‘Godmamma!’ cried Mary, with consternation.

‘Well, my dear, I don’t know what else she had to recommend her. No family, nor connexions; not a penny,—not even expectations! If it was not for her music, what was it for? And so many women give up practice when they marry. I always forget,—is it three or four children they have?’

‘Two, godmamma,’ said Mary, gently; ‘don’t you remember the poor, dear, little baby died?’

‘Well, it is quite enough,’ said Mrs. Renton; ‘with nothing but their pay to depend upon. And there will be a black nurse, you may be sure, driving the servants out of their senses. But if she has kept up her practice, it will be an amusement for the boys. And things might have been worse. There might have been three families instead of one, you know, Mary; and then I think I should certainly have run away.’

‘Yes,—perhaps it is selfish,’ said Mary; ‘but I am glad, too, that they are not all married. It will be more like old times.’

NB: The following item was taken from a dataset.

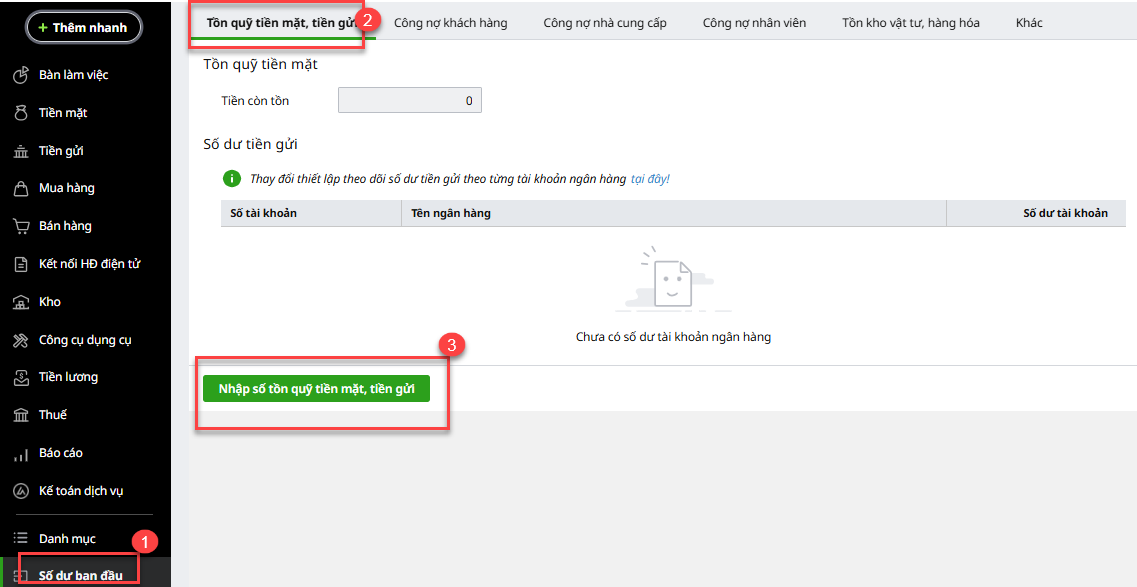 5. Nhập số dư tồn quỹ tiền mặt, tiền gửi

‘Selfish!’ said Mrs. Renton. ‘I can’t see how it can be selfish. Of course Ben will have to marry some time or other, for the sake of the property. But I never can make out why young men marry, for my part. Haven’t they everything that heart can desire? and no care, and much more petted and taken notice of in society than if they were dragging a wife about with them everywhere? A girl is quite different. She has everything to gain, you see. I often wondered whether I have been doing my duty by you, Mary, keeping you out of the way of a good establishment in life.’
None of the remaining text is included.